Umiliazione e resistenza

"Deve essere terribile morire il giorno del proprio compleanno", è una delle lucide considerazioni dei bambini di Rua Paraiso, un'antifrasi amara per identificare la strada di una favelas di San Paolo fotografata da Elisabetta Francia, colpita anche lei dalla capacità analitica dei ragazzini che mostrano nelle rapide frasi lapidarie una chiarezza e un disincanto invidiabili. Essi sono in grado di dire: "Ho visto uccidere mio padre", oppure "Fuggii di casa a 7 anni perché il mio patrigno abusava di me", con lo stesso tono privo di incrinature con cui denunciano: "Di notte ci sono solo gli assassini e i poliziotti, ma anche loro spacciano"; e anche gli occhi sono gli stessi, intenso lo sguardo, ma non ancora induriti al punto da non riuscire a sorridere e gli infiniti primi piani si vorrebbe non finissero mai, per sperare di rimanere contagiati da quella forza d'animo, o forse per continuare a succhiare ancora linfa vitale, rubando loro pure i volti, gli interni delle case da loro illustrati nei particolari, la loro purezza. La parola più ricorrente, il dato che sentono come un marchio, il sentimento maggiormente pronunciato è "umiliare": un'infanzia che come rivela il sottotitolo è un privilegio e qualsiasi intervento di esterni a quella realtà, compresa questa possibilità di parlare della realtà dei niños de rua, si configura come schiavismo e colonialismo.

Palavra e UtopiaCome bene insegna Palavra e Utopia. Dove al di là dell’ironia, insita nel voler salvare i nativi imponendo loro la catechizzazione, si riconosce il bisogno di capire di quali indios si parla, quando parliamo di libertà, riconoscere da dove provengono, quale sia la loro terra, proseguendo il discorso di libertà avviato in Mon Cas, dove la libertà del singolo diventa gradualmente confronto con quella degli altri di esprimersi e anche poi di ascoltarla, in uno scontro aperto dal sipario e infine ripreso dalle telecamere che edulcorano tutto, ma in modo ambiguo, come il sorriso della Monna Lisa in un paesaggio arcadico, premio per la pazienza di Giobbe, ma anche soglia di attenzione superata per il nostro voyeurismo, che percepisce sotto vari punti di vista in tutte le forme ogni distorsione.

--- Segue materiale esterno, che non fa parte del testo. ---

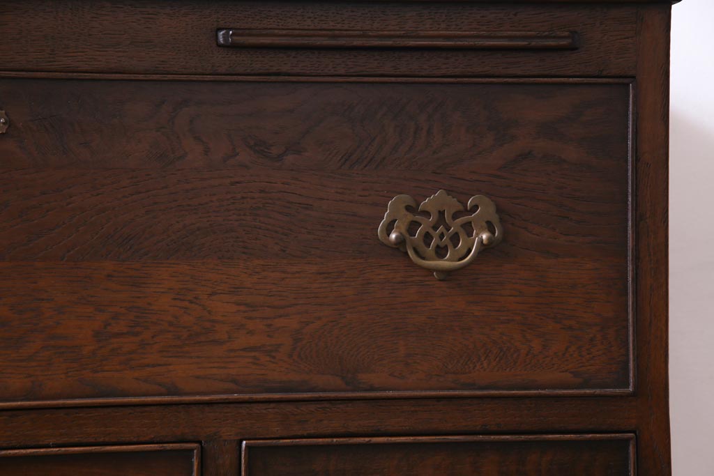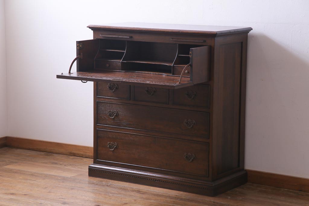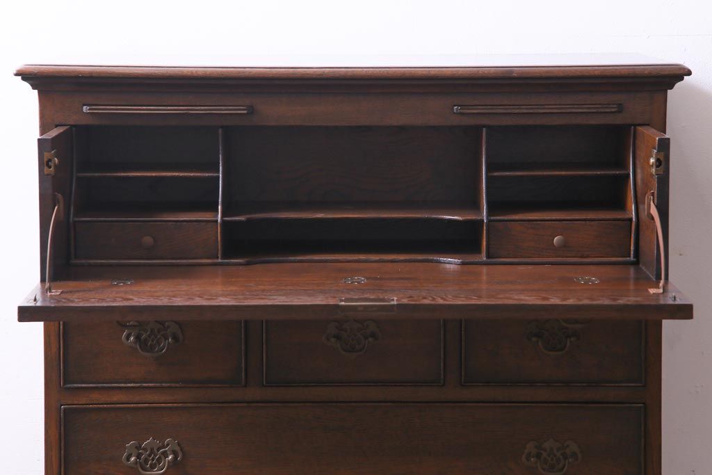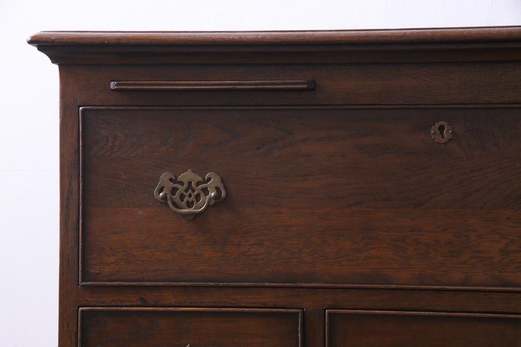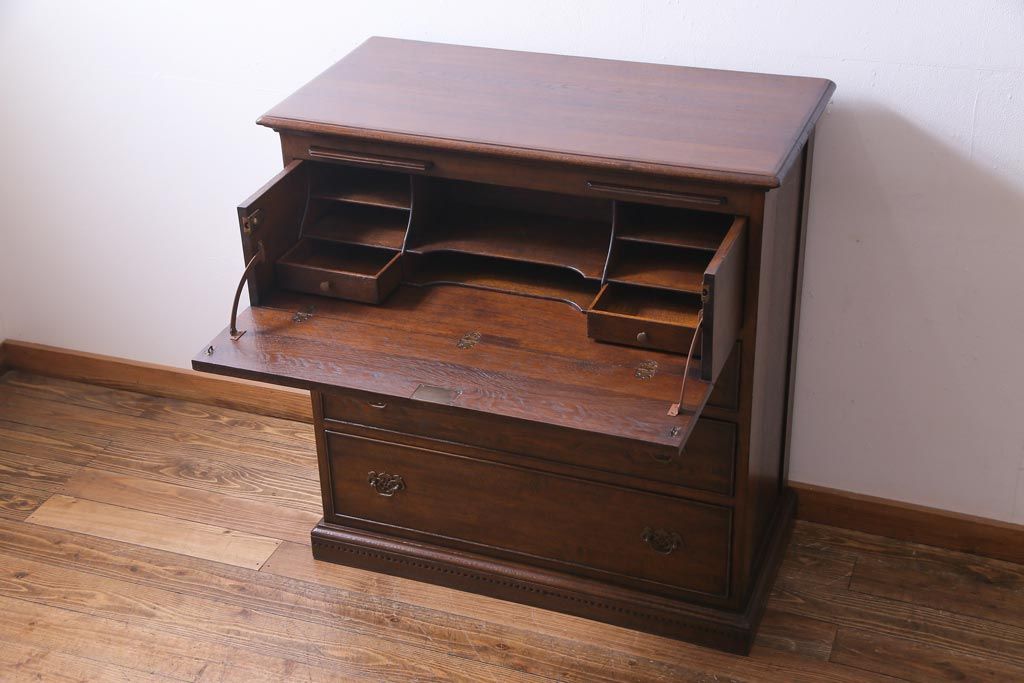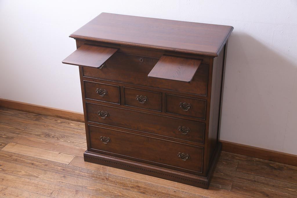 ヴィンテージ家具 イギリスビンテージ オーク材 すっきりとしたつくりのチェスト型ライティングビューロー
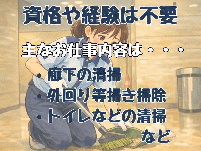求めている人材 ・経験不問 ・資格不問 ・学歴不問 未経験大歓迎 こんな方にピッタリ □清掃スタッフ・施設管理の経験がある □マンション・公共施設の清掃経験がある □コツコツ作業が好き □正社員は体力的に不安 □定年後も無理なく働きたい □地域に役立つ仕事がしたい ※もちろん未経験スタートの方も多数います!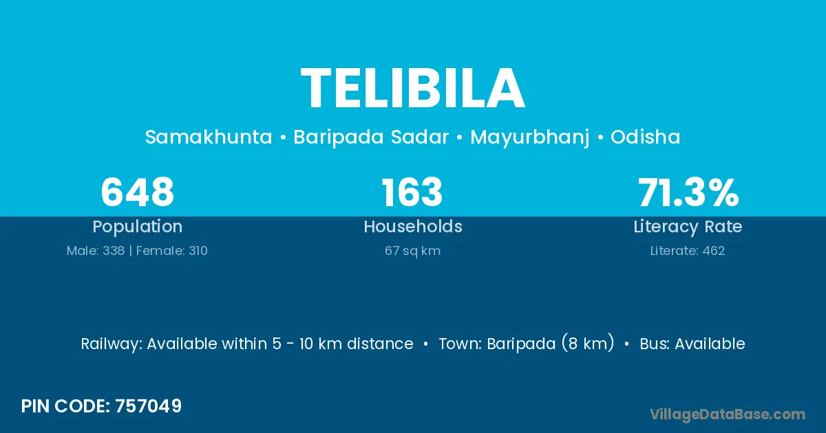 Baripada (8 km) is the nearest town to Telibila village for major economic activities and is located approximately 8 km away.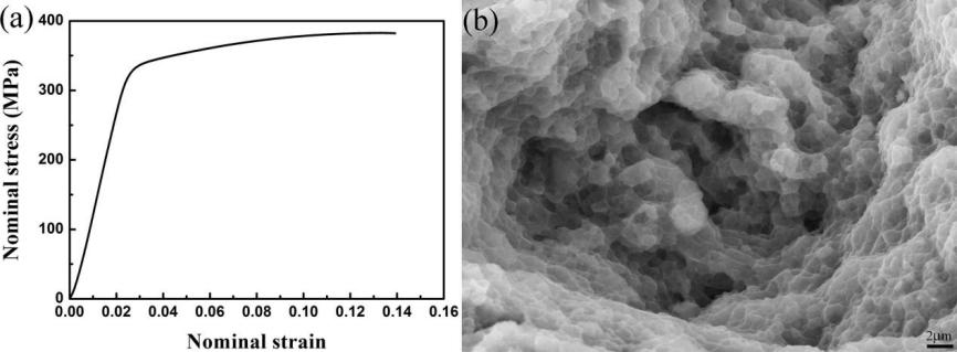 图2 挤压态细晶商用AZ91D镁合金拉伸应力应变曲线和SEM断口形貌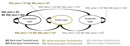 Furthermore, surface tomography approaches that used probes to determine surface depth were found to be slow and limited in their scanning size. Hyper-spectral cameras were investigated. However, the reflectivity and curvature of the blade coupled with lighting conditions made material depth measurement difficult. As a result, our focused shifted to tracking the state of material removal through the transition of the material color properties. Both the top polyurethane (black) and middle epoxy primer (white or yellow) have different color properties, making it possible to track the rate of material removal though the use of an RGB-D camera.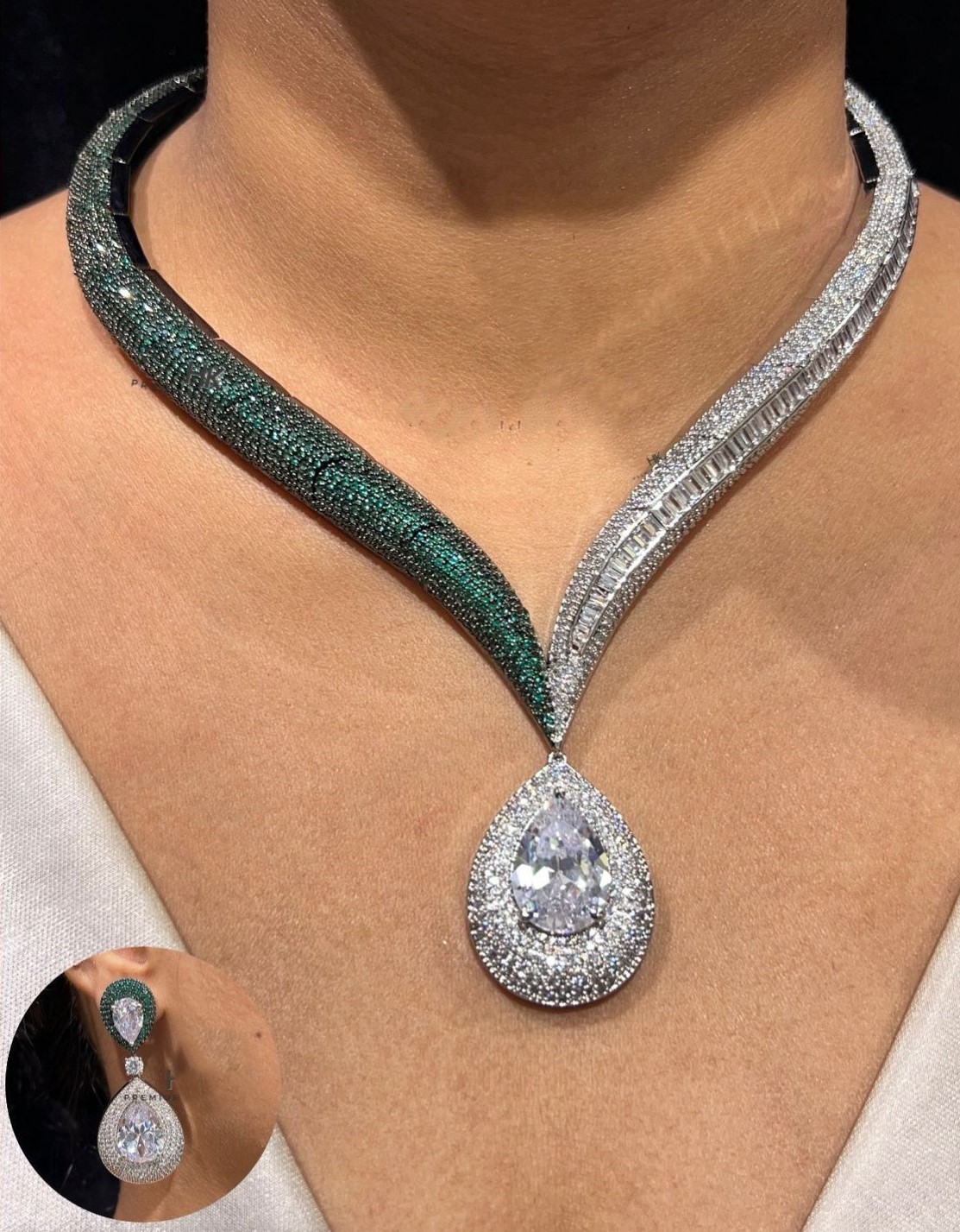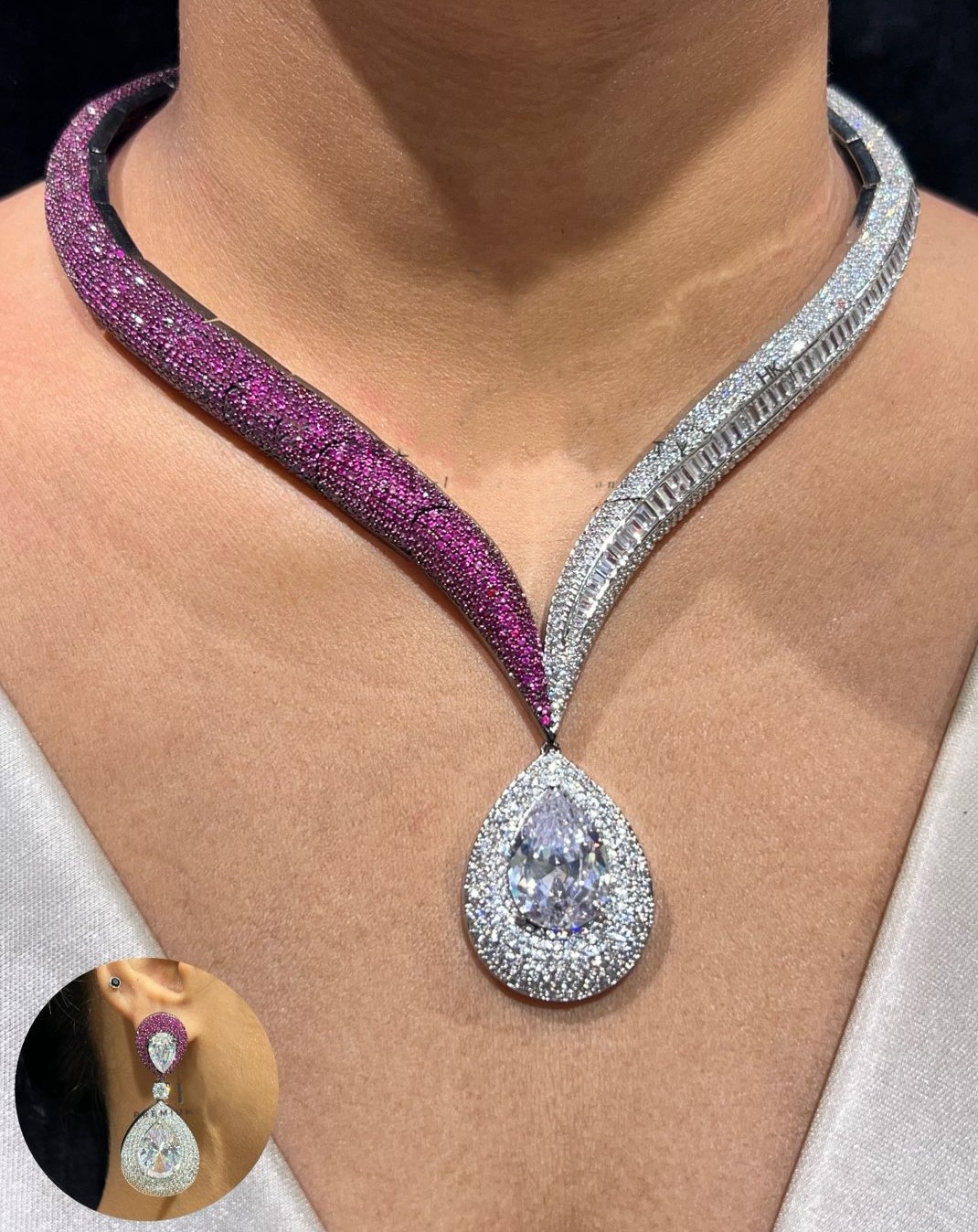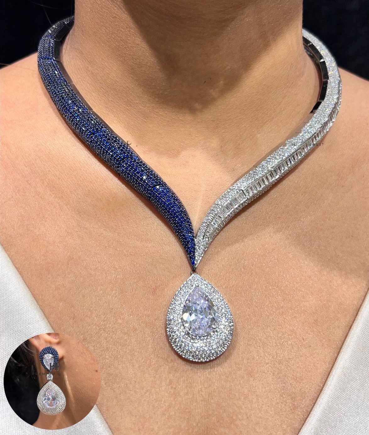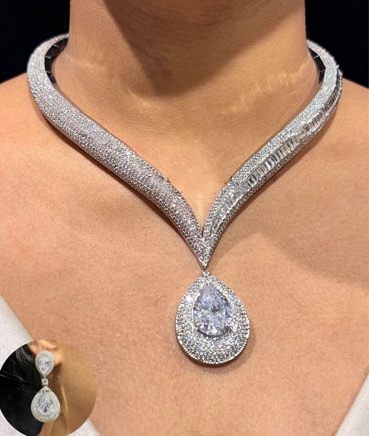 A masterpiece of timeless elegance, this necklace captures the grandeur of royalty with its dazzling brilliance. Adorned with meticulously set diamonds and crowned with a teardrop centerpiece, it reflects light from every angle, exuding unmatched sparkle. Crafted to perfection, it embodies luxury, sophistication, and radiant charm – a jewel fit for a queen.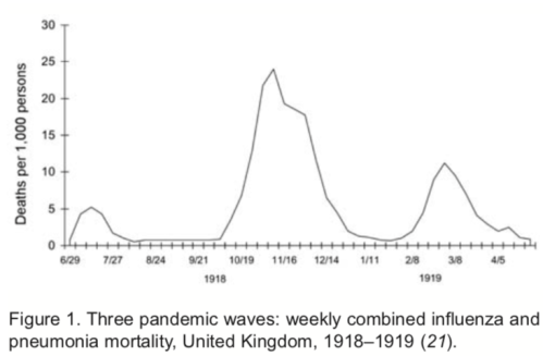 This pandemic of 100 years ago came in three distinct pulses in the spring of 1918, in the fall of 1918, and in the winter of 1919. The graph shows that during the first wave about 0.5% of all infected people died while the second and third wave were more deadly with 2.5% and 1.3% fatality rates. These rates are somewhat similar to those we see today with Covid-19, but there is much we do not yet know.

Non so se è un bene o se denota sadismo quel nostro indulgere nelle visioni, qualsiasi esse siano, comprese quelle della vita dei bambini paolisti: quando andai in una township di Cape Town non ebbi il coraggio di fare l'offensivo e colonialistico atto di fotografare i ragazzini – sarebbe davvero umiliante – che accorrevano o i miei interlocutori della birreria fatta di lamiere; capisco l'utilità di questi reportage ma avverto anche una sorta di desiderio di tutelare anche i giovani esposti a parlare e mi vergogno del dubbio che sorge spontaneo sulla effettiva spontaneità delle cose che dicono. Se la metà del materiale documentato in questo film è genuino, bisognerebbe spedire due mesi all'anno i ragazzini nostrani in una favela: quelli che sopravvivono saranno sicuramente più svegli e nessun imbonitore – forzitaliota o allevato alle Frattocchie o facente parte di una setta come i bastardi che con improntitudine truffano gli anziani giapponesi giocando sulle loro paure, sui rimorsi di una vita, sul loro bisogno di aggrapparsi ad una speranza come nell’eroico film di Shinozaki Makoto (Wasurerarenu-Hitobito) con addentellati che hanno a che fare con la rabbia dei protagonisti di Gallianone (I nostri anni): due paesi dell’asse che recuperano i loro vecchi eroici che si sono contrapposti allora e in mancanza di memoria si devono di nuovo armare per fare giustizia – potrà mai convincerli della bontà di una scuola a pagamento, la loro più dirompente richiesta, oltre alla rivendicazione di essere liberati da droga e armi, questo fino ai 14 anni, quando invece la droga serve a togliere la fame e le armi per poter rubare. Giovani brasiliani ripresi dall’alto, schiacciati dalla macchina, sulla quale essi riescono a prendersi una rivincita con la loro naturalezza, che stride con i "fantocci da ventriloquo" della setta-azienda Utopia Corporation, dove i giovani incarnano i rampanti che si concedono truffe ai danni degli anziani giapponesi, vestiti in divisa di ordinanza: doppiopetto e lingua biforcuta.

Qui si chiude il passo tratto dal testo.